#### Given data
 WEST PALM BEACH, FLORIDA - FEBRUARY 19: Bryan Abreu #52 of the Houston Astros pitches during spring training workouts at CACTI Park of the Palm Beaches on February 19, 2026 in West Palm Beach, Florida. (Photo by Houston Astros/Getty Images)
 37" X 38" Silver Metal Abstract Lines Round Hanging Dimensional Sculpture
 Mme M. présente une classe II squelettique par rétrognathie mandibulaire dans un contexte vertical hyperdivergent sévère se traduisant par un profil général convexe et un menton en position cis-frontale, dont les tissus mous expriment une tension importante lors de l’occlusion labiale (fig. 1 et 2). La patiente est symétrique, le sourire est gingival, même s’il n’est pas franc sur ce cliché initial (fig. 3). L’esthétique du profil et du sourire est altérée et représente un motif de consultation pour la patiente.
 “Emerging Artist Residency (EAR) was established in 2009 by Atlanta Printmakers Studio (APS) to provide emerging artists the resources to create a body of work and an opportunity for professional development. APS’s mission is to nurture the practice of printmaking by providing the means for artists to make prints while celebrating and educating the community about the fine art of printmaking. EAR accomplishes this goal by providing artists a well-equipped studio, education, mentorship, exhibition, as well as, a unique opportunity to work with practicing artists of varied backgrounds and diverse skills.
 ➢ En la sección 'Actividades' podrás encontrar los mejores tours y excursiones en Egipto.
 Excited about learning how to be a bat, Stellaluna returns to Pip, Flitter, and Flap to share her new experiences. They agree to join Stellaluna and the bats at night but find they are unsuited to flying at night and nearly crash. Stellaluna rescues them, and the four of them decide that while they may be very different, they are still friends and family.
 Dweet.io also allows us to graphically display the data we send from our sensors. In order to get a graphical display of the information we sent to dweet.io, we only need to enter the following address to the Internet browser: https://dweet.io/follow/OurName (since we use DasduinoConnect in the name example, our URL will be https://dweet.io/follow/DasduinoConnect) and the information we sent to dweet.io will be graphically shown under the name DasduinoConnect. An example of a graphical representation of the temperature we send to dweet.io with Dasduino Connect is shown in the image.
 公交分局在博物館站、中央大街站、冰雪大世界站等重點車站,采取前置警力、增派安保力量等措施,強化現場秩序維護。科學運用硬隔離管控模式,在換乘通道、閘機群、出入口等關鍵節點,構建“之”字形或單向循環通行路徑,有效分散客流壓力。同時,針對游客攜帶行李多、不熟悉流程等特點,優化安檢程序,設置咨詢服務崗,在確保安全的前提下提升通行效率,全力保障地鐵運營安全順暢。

#### Your task
After reading the listing, write out every line of it exactly.

#### Output of the task
 WEST PALM BEACH, FLORIDA - FEBRUARY 19: Bryan Abreu #52 of the Houston Astros pitches during spring training workouts at CACTI Park of the Palm Beaches on February 19, 2026 in West Palm Beach, Florida. (Photo by Houston Astros/Getty Images)
 37" X 38" Silver Metal Abstract Lines Round Hanging Dimensional Sculpture
 Mme M. présente une classe II squelettique par rétrognathie mandibulaire dans un contexte vertical hyperdivergent sévère se traduisant par un profil général convexe et un menton en position cis-frontale, dont les tissus mous expriment une tension importante lors de l’occlusion labiale (fig. 1 et 2). La patiente est symétrique, le sourire est gingival, même s’il n’est pas franc sur ce cliché initial (fig. 3). L’esthétique du profil et du sourire est altérée et représente un motif de consultation pour la patiente.
 “Emerging Artist Residency (EAR) was established in 2009 by Atlanta Printmakers Studio (APS) to provide emerging artists the resources to create a body of work and an opportunity for professional development. APS’s mission is to nurture the practice of printmaking by providing the means for artists to make prints while celebrating and educating the community about the fine art of printmaking. EAR accomplishes this goal by providing artists a well-equipped studio, education, mentorship, exhibition, as well as, a unique opportunity to work with practicing artists of varied backgrounds and diverse skills.
 ➢ En la sección 'Actividades' podrás encontrar los mejores tours y excursiones en Egipto.
 Excited about learning how to be a bat, Stellaluna returns to Pip, Flitter, and Flap to share her new experiences. They agree to join Stellaluna and the bats at night but find they are unsuited to flying at night and nearly crash. Stellaluna rescues them, and the four of them decide that while they may be very different, they are still friends and family.
 Dweet.io also allows us to graphically display the data we send from our sensors. In order to get a graphical display of the information we sent to dweet.io, we only need to enter the following address to the Internet browser: https://dweet.io/follow/OurName (since we use DasduinoConnect in the name example, our URL will be https://dweet.io/follow/DasduinoConnect) and the information we sent to dweet.io will be graphically shown under the name DasduinoConnect. An example of a graphical representation of the temperature we send to dweet.io with Dasduino Connect is shown in the image.
 公交分局在博物館站、中央大街站、冰雪大世界站等重點車站,采取前置警力、增派安保力量等措施,強化現場秩序維護。科學運用硬隔離管控模式,在換乘通道、閘機群、出入口等關鍵節點,構建“之”字形或單向循環通行路徑,有效分散客流壓力。同時,針對游客攜帶行李多、不熟悉流程等特點,優化安檢程序,設置咨詢服務崗,在確保安全的前提下提升通行效率,全力保障地鐵運營安全順暢。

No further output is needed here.